__Aim of the task__.
Write out exactly every line from the one containing "8、请输入您手机收到的验证码" through the final line of the material below, both included. Pictures are to be skipped.
··· Given material ···
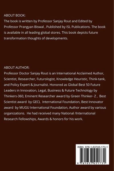 The book is written by Professor Sanjay Rout and Edited by Professor Prangyan Biswal , Published by ISL Publications. The book is available in all leading global stores. This book depicts future transformation thoughts of developments.
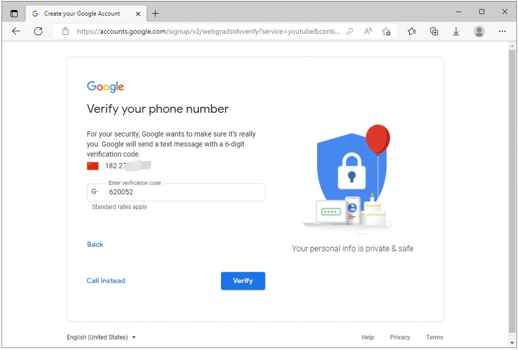 8、请输入您手机收到的验证码。不少人会在这一步遇到阻碍,主要原因是浏览器未使用英文模式,进而导致无法接收验证码,还会被谷歌提示“此电话号码不能用于验证”。
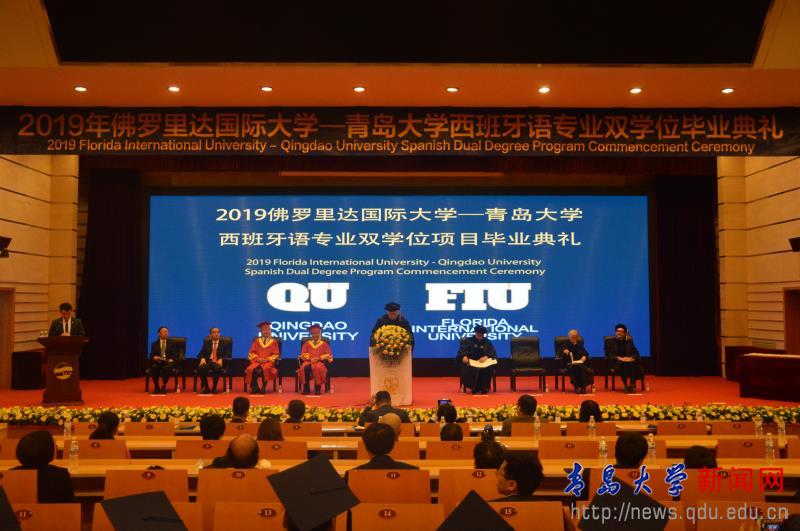 5月4日上午,佛罗里达国际大学—青岛大学西班牙语专业双学位项目毕业典礼暨学位授予仪式在国际会议交流中心博学厅举办。
···
__Written response__.
 8、请输入您手机收到的验证码。不少人会在这一步遇到阻碍,主要原因是浏览器未使用英文模式,进而导致无法接收验证码,还会被谷歌提示“此电话号码不能用于验证”。
 5月4日上午,佛罗里达国际大学—青岛大学西班牙语专业双学位项目毕业典礼暨学位授予仪式在国际会议交流中心博学厅举办。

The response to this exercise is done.